WORK INSTRUCTION —
Output all the data exactly as it appears below.

Dataset items:
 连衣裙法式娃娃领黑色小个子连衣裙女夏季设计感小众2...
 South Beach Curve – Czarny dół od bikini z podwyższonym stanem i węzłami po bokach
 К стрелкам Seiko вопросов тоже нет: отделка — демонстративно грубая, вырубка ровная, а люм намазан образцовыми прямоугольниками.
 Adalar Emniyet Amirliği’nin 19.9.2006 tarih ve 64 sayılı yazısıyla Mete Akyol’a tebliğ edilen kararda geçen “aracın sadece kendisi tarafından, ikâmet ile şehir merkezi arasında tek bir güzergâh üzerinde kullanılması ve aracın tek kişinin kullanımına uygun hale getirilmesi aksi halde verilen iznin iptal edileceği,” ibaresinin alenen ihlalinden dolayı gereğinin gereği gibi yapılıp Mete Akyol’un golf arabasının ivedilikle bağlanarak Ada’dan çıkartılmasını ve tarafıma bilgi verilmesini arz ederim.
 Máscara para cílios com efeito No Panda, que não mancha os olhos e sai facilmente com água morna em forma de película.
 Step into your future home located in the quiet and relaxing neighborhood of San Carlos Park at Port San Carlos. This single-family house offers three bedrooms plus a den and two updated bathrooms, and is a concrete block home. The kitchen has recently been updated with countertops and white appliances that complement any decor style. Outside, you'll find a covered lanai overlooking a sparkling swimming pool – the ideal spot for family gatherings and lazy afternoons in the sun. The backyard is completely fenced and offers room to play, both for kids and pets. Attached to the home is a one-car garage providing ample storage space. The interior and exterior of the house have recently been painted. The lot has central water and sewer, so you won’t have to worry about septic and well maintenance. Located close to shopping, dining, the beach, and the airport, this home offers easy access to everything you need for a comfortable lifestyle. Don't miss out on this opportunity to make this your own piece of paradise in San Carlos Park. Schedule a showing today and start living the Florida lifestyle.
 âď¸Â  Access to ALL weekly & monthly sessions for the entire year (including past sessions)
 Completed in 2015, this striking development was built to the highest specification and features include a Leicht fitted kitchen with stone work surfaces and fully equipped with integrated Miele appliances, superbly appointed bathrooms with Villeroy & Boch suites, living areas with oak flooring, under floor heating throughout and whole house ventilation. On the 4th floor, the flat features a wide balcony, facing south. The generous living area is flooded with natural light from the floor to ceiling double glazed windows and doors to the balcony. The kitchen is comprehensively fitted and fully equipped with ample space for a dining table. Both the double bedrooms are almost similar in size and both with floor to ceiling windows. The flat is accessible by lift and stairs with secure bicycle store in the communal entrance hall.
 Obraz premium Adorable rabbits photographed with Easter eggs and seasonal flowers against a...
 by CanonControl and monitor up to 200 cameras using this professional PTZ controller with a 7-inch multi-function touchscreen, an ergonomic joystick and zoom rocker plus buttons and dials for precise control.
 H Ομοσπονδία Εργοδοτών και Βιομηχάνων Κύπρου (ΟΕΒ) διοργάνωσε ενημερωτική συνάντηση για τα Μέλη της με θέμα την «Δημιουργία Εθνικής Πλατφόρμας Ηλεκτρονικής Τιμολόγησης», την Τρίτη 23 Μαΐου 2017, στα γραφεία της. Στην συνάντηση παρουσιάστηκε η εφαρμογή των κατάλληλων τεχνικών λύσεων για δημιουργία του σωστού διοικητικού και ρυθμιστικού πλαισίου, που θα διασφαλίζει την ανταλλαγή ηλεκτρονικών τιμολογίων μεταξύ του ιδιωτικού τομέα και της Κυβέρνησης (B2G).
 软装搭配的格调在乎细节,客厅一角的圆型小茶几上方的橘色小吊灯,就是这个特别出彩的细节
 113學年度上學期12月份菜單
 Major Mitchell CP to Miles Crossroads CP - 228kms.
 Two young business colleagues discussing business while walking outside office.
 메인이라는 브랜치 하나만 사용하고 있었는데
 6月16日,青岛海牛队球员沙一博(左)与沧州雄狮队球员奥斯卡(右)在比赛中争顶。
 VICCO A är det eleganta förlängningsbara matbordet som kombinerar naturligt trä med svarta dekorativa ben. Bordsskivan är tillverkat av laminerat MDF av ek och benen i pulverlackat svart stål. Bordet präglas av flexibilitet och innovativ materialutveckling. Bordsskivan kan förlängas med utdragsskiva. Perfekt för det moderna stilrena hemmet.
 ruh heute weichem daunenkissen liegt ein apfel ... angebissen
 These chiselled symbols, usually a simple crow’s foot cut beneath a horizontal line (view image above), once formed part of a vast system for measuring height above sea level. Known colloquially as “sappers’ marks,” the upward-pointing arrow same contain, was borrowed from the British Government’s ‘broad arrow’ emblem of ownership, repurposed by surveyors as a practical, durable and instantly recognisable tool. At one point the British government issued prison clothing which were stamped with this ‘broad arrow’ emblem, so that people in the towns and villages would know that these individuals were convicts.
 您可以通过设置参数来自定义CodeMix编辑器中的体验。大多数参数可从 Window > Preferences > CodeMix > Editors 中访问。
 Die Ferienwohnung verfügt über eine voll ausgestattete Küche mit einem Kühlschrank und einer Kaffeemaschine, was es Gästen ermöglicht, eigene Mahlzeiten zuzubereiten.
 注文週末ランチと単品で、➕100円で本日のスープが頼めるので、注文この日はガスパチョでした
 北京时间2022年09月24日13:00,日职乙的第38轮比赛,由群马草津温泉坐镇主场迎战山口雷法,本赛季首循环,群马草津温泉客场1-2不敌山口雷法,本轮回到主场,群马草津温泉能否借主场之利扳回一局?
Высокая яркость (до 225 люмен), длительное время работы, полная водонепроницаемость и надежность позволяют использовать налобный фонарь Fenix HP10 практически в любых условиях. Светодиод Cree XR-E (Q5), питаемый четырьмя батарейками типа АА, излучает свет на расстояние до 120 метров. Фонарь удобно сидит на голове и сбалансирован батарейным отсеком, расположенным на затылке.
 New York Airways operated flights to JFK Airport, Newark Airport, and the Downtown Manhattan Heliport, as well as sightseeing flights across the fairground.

EXPECTED ANSWER —
 连衣裙法式娃娃领黑色小个子连衣裙女夏季设计感小众2...
 South Beach Curve – Czarny dół od bikini z podwyższonym stanem i węzłami po bokach
 К стрелкам Seiko вопросов тоже нет: отделка — демонстративно грубая, вырубка ровная, а люм намазан образцовыми прямоугольниками.
 Adalar Emniyet Amirliği’nin 19.9.2006 tarih ve 64 sayılı yazısıyla Mete Akyol’a tebliğ edilen kararda geçen “aracın sadece kendisi tarafından, ikâmet ile şehir merkezi arasında tek bir güzergâh üzerinde kullanılması ve aracın tek kişinin kullanımına uygun hale getirilmesi aksi halde verilen iznin iptal edileceği,” ibaresinin alenen ihlalinden dolayı gereğinin gereği gibi yapılıp Mete Akyol’un golf arabasının ivedilikle bağlanarak Ada’dan çıkartılmasını ve tarafıma bilgi verilmesini arz ederim.
 Máscara para cílios com efeito No Panda, que não mancha os olhos e sai facilmente com água morna em forma de película.
 Step into your future home located in the quiet and relaxing neighborhood of San Carlos Park at Port San Carlos. This single-family house offers three bedrooms plus a den and two updated bathrooms, and is a concrete block home. The kitchen has recently been updated with countertops and white appliances that complement any decor style. Outside, you'll find a covered lanai overlooking a sparkling swimming pool – the ideal spot for family gatherings and lazy afternoons in the sun. The backyard is completely fenced and offers room to play, both for kids and pets. Attached to the home is a one-car garage providing ample storage space. The interior and exterior of the house have recently been painted. The lot has central water and sewer, so you won’t have to worry about septic and well maintenance. Located close to shopping, dining, the beach, and the airport, this home offers easy access to everything you need for a comfortable lifestyle. Don't miss out on this opportunity to make this your own piece of paradise in San Carlos Park. Schedule a showing today and start living the Florida lifestyle.
 âď¸Â  Access to ALL weekly & monthly sessions for the entire year (including past sessions)
 Completed in 2015, this striking development was built to the highest specification and features include a Leicht fitted kitchen with stone work surfaces and fully equipped with integrated Miele appliances, superbly appointed bathrooms with Villeroy & Boch suites, living areas with oak flooring, under floor heating throughout and whole house ventilation. On the 4th floor, the flat features a wide balcony, facing south. The generous living area is flooded with natural light from the floor to ceiling double glazed windows and doors to the balcony. The kitchen is comprehensively fitted and fully equipped with ample space for a dining table. Both the double bedrooms are almost similar in size and both with floor to ceiling windows. The flat is accessible by lift and stairs with secure bicycle store in the communal entrance hall.
 Obraz premium Adorable rabbits photographed with Easter eggs and seasonal flowers against a...
 by CanonControl and monitor up to 200 cameras using this professional PTZ controller with a 7-inch multi-function touchscreen, an ergonomic joystick and zoom rocker plus buttons and dials for precise control.
 H Ομοσπονδία Εργοδοτών και Βιομηχάνων Κύπρου (ΟΕΒ) διοργάνωσε ενημερωτική συνάντηση για τα Μέλη της με θέμα την «Δημιουργία Εθνικής Πλατφόρμας Ηλεκτρονικής Τιμολόγησης», την Τρίτη 23 Μαΐου 2017, στα γραφεία της. Στην συνάντηση παρουσιάστηκε η εφαρμογή των κατάλληλων τεχνικών λύσεων για δημιουργία του σωστού διοικητικού και ρυθμιστικού πλαισίου, που θα διασφαλίζει την ανταλλαγή ηλεκτρονικών τιμολογίων μεταξύ του ιδιωτικού τομέα και της Κυβέρνησης (B2G).
 软装搭配的格调在乎细节,客厅一角的圆型小茶几上方的橘色小吊灯,就是这个特别出彩的细节
 113學年度上學期12月份菜單
 Major Mitchell CP to Miles Crossroads CP - 228kms.
 Two young business colleagues discussing business while walking outside office.
 메인이라는 브랜치 하나만 사용하고 있었는데
 6月16日,青岛海牛队球员沙一博(左)与沧州雄狮队球员奥斯卡(右)在比赛中争顶。
 VICCO A är det eleganta förlängningsbara matbordet som kombinerar naturligt trä med svarta dekorativa ben. Bordsskivan är tillverkat av laminerat MDF av ek och benen i pulverlackat svart stål. Bordet präglas av flexibilitet och innovativ materialutveckling. Bordsskivan kan förlängas med utdragsskiva. Perfekt för det moderna stilrena hemmet.
 ruh heute weichem daunenkissen liegt ein apfel ... angebissen
 These chiselled symbols, usually a simple crow’s foot cut beneath a horizontal line (view image above), once formed part of a vast system for measuring height above sea level. Known colloquially as “sappers’ marks,” the upward-pointing arrow same contain, was borrowed from the British Government’s ‘broad arrow’ emblem of ownership, repurposed by surveyors as a practical, durable and instantly recognisable tool. At one point the British government issued prison clothing which were stamped with this ‘broad arrow’ emblem, so that people in the towns and villages would know that these individuals were convicts.
 您可以通过设置参数来自定义CodeMix编辑器中的体验。大多数参数可从 Window > Preferences > CodeMix > Editors 中访问。
 Die Ferienwohnung verfügt über eine voll ausgestattete Küche mit einem Kühlschrank und einer Kaffeemaschine, was es Gästen ermöglicht, eigene Mahlzeiten zuzubereiten.
 注文週末ランチと単品で、➕100円で本日のスープが頼めるので、注文この日はガスパチョでした
 北京时间2022年09月24日13:00,日职乙的第38轮比赛,由群马草津温泉坐镇主场迎战山口雷法,本赛季首循环,群马草津温泉客场1-2不敌山口雷法,本轮回到主场,群马草津温泉能否借主场之利扳回一局?
Высокая яркость (до 225 люмен), длительное время работы, полная водонепроницаемость и надежность позволяют использовать налобный фонарь Fenix HP10 практически в любых условиях. Светодиод Cree XR-E (Q5), питаемый четырьмя батарейками типа АА, излучает свет на расстояние до 120 метров. Фонарь удобно сидит на голове и сбалансирован батарейным отсеком, расположенным на затылке.
 New York Airways operated flights to JFK Airport, Newark Airport, and the Downtown Manhattan Heliport, as well as sightseeing flights across the fairground.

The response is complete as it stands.